最后只有两种情况没有讨论了，要不就是partition下面 d-e-queue是空的，要不就是现有的空间都不够了。所以第二部申请的空间（buffer）必须用了啊，然后我们新来做一个RecordMessage吧。

 MemoryRecords records = MemoryRecords.emptyRecords(buffer, compression, this.batchSize);
 RecordBatch batch = new RecordBatch(tp, records, time.milliseconds());
 FutureRecordMetadata future = Utils.notNull(batch.tryAppend(key, value, callback));
 dq.addLast(batch);
 incomplete.add(batch);

我们用新申请的空间buffer生成了新的MemoryRecord,然后做出来batch，加入d-e-queue，加入未完成队列。

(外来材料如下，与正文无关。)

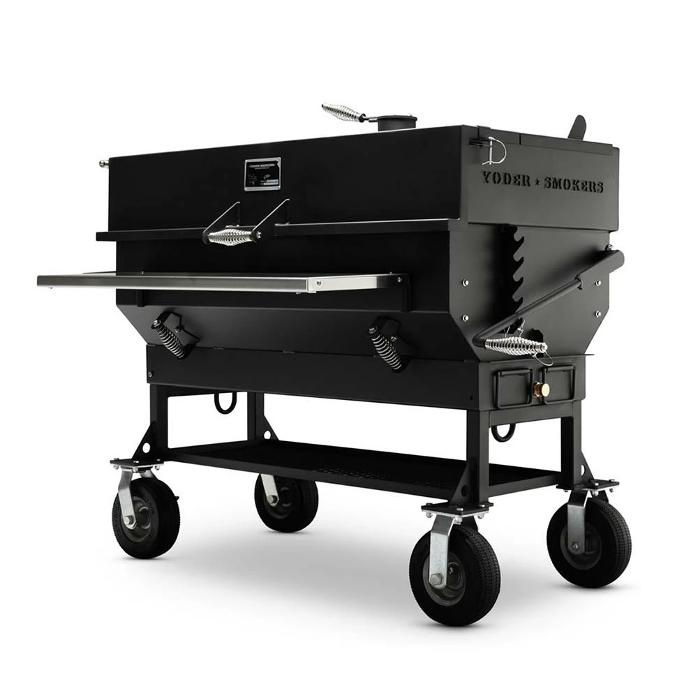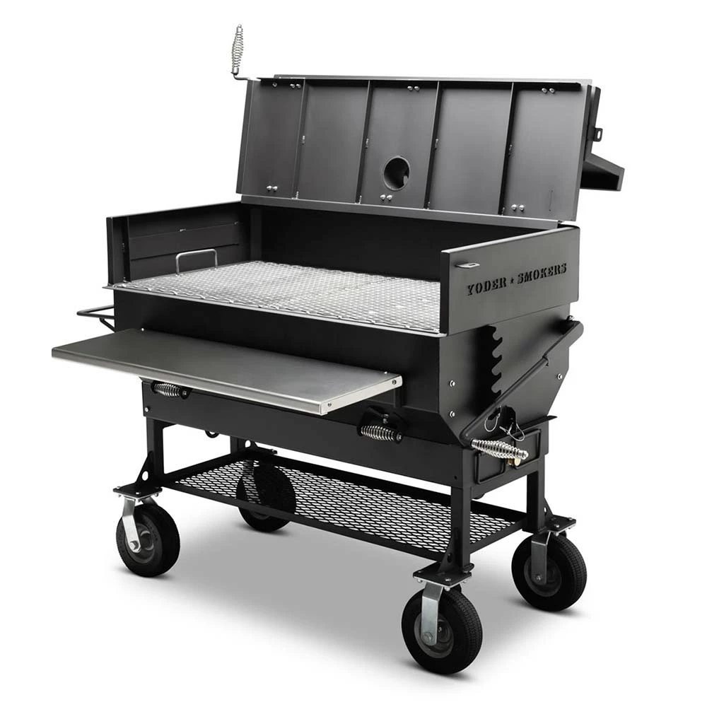 The popularity of cooking over charcoal has steadily increased over the past 10 years, and to meet that demand, Yoder Smokers has introduced large format charcoal grills that cater to the folks cooking for a crowd as well as those in the backyard. This 24×48″ grill boasts 1,152 square inches of cooking surface and heavy-duty American made construction. Key features cooks will immediately appreciate include the variable height charcoal basket, ability to cook indirectly, and the custom stainless steel front shelf. And mounted on casters with 8″ pneumatic tires, this grill makes short work out of positioning on the patio or venue.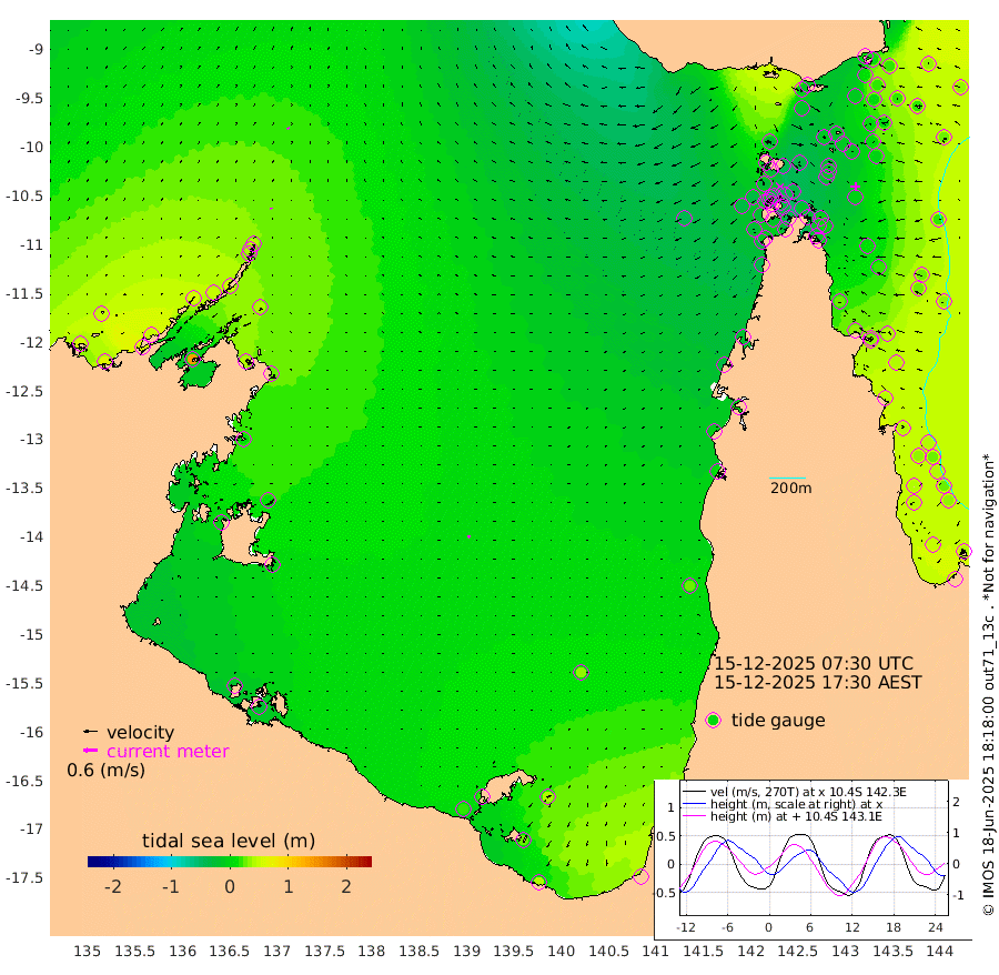 6cm/s -34T +3cm/s rms + 7cm/s -42T. ARA-GOC87 57m 10cm/s -154T +3cm/s rms + 2cm/s -2T. ARA-GOC87 60m 6cm/s -32T +2cm/s rms + 3cm/s 61T. ARA-GOC87 47m 5cm Daru 4cm Bobo Island 29cm Meer Island Barge 31cm Bramble Cay 18cm Unnamed Cay 3cm Pearce Cay 17cm Stephens Island 21cm Merrie England Shoals 10cm Mutacomal Reef 19cm Darnley Island Barge 36cm East Cay 7cm Yorke Island Barge 6cm Rennel Island 0cm Aureed Island -10cm Dungeness Reef -19cm Zagai Island -14cm Yam Island -14cm Dauan Island -10cm Saibai Island -21cm Phipi Reef -11cm Warrior Reef - West -29cm Mabuiag Island Barge -1cm Half Way Island -11cm Coconut Island -6cm Dugong Islet -20cm Poll Island -17cm Kirkcaldie Reef -37cm Suarji Island -18cm Sue Islet -27cm Hawkesbury Island -40cm Alert Patches -35cm Twin Island -31cm Badu Island -41cm St Pauls (Moa Island) -25cm Kubin (Moa Island) -36cm Ince Point -39cm Thursday Island -38cm Nardana Patches -30cm Turtle Head -23cm Round Island -27cm Goods Island -35cm Booby Island -32cm White Rocks Area -43cm Carpentaria -35cm Papou Point -29cm Bampfield Head -32cm Crab Island -30cm Red Wallis Island -20cm Packe Island -15cm Harrington Reef -10cm Herald Camp -14cm Sharp Point -30cm Red Island Point -38cm Possession Island -20cm Alpha Rock -23cm Frederick Point 1cm Wyborn Reef Light -4cm Tetley Island 22cm Triangle Reef -19cm Turtle Head Island 27cm Maclennan Cay 34cm Raine Island 13cm Mcsweeny Reef 19cm Collette Reef 29cm Shadwell Reef 23cm Hannibal Island 31cm Round Point -42cm Vrilya Point 30cm Cape Grenville 31cm Hicks Island 44cm Sir Charles Hardy Island 8cm Harvey Island 40cm Kay Reef 38cm Rocky Island 42cm Chapman Island 40cm Ham Reef 36cm Jubilee Reef 30cm Night Island 39cm Unnamed Reef No. 3 38cm Morris Island 29cm 1st 3 Mile Opening 33cm Creech Reef 43cm Fife Island 45cm Eden Reef 39cm Stanley Island 44cm Normanby River 58cm Yabooma Island 60cm Hutchison River 52cm Elcho Island 50cm North West Crocodile Island 43cm Cape Wessel 54cm Stevens Island 49cm Guluwuru Island 56cm Hopeful Bay 36cm Auster Point 42cm Two Island Bay 58cm Cadell Strait 140cm Mallison Island 43cm Melville Bay (Gove Harbour) 42cm Truant Island 27cm Cape Arnhem 12cm Cape Grey 10cm Hawk Island -4cm Milner Bay (Groote Eylandt) -2cm Cape Beatrice -17cm West Island -24cm Centre Island 16cm Mornington Island 15cm West Wellesley Islands 40cm Bountiful Island 38cm Albert River Mouth 24cm Sweers Island 35cm Karumba 30cm Nassau River Offshore 29cm Christmas Creek 8cm Archer River -2cm Boyd Point 7cm Weipa (Humbug Point) -32cm Pennefather River -19cm Cullen Point

看到这里已经相对清晰了，我们捋一捋几个悬而未解的问题。

free.allocate(size) 还有free.deallocate(buffer)是咋做的？
MemoryRecords怎么使用的buffer？
那个坑爹的Sender怎么awake的？
callback什么时候被调用的？

根据这几个问题，我们逐一分析一下：

======================

2.3 Buffered pool

======================

2.4 MemoryRecords && Compressor && RecordBatch

2.4.1 MemoryRecords

在accumulator中我们看到，MemoryRecord 对 bytebuffer进行了封装，而后RecordBatch对MemoeryRecord进行封装

	MemoryRecords records = MemoryRecords.emptyRecords(buffer, compression, this.batchSize);
	RecordBatch batch = new RecordBatch(tp, records, time.milliseconds());

先看Memory Recored，Memory Record继承自Record接口，其定义4byte的size，8byte的offest所以每个Record size<2^32 位文件小于2^64 位。

/**
* A binary format which consists of a 4 byte size, an 8 byte offset, and the record bytes. See {@link MemoryRecords}
* for the in-memory representation.
*/
public interface Records extends Iterable<LogEntry> {

int SIZE_LENGTH = 4;
int OFFSET_LENGTH = 8;
int LOG_OVERHEAD = SIZE_LENGTH + OFFSET_LENGTH;

MemoryRecord中还持有Compressor以及buffer，主要被调用append方法将buffer中的数据写入compressor

/**
 * Append the given record and offset to the buffer
 */
public void append(long offset, Record record) {
    if (!writable)
        throw new IllegalStateException("Memory records is not writable");

    int size = record.size();
    compressor.putLong(offset);
    compressor.putInt(size);
    compressor.put(record.buffer());
    compressor.recordWritten(size + Records.LOG_OVERHEAD);
    record.buffer().rewind();
}

2.4.2 RecordBatch

先跳过Compressor，我们看一下MemoryRecord继续被向上封装成了RecordBatch。因为MemoryRecord只有对IO的操作，并没有对Kafka逻辑的支持，因此RecordBatch在其基础之上封装了一些计数参数之外还增加了几个变量：

public final MemoryRecords records;
public final TopicPartition topicPartition;
public final ProduceRequestResult produceFuture;
private final List<Thunk> thunks;

即对一次producer的batch提交过程进行了封装，包括发送的topicPartition，提交batch返回的produceFutrue以及存储这个batch里所有msg对应callback的thunks。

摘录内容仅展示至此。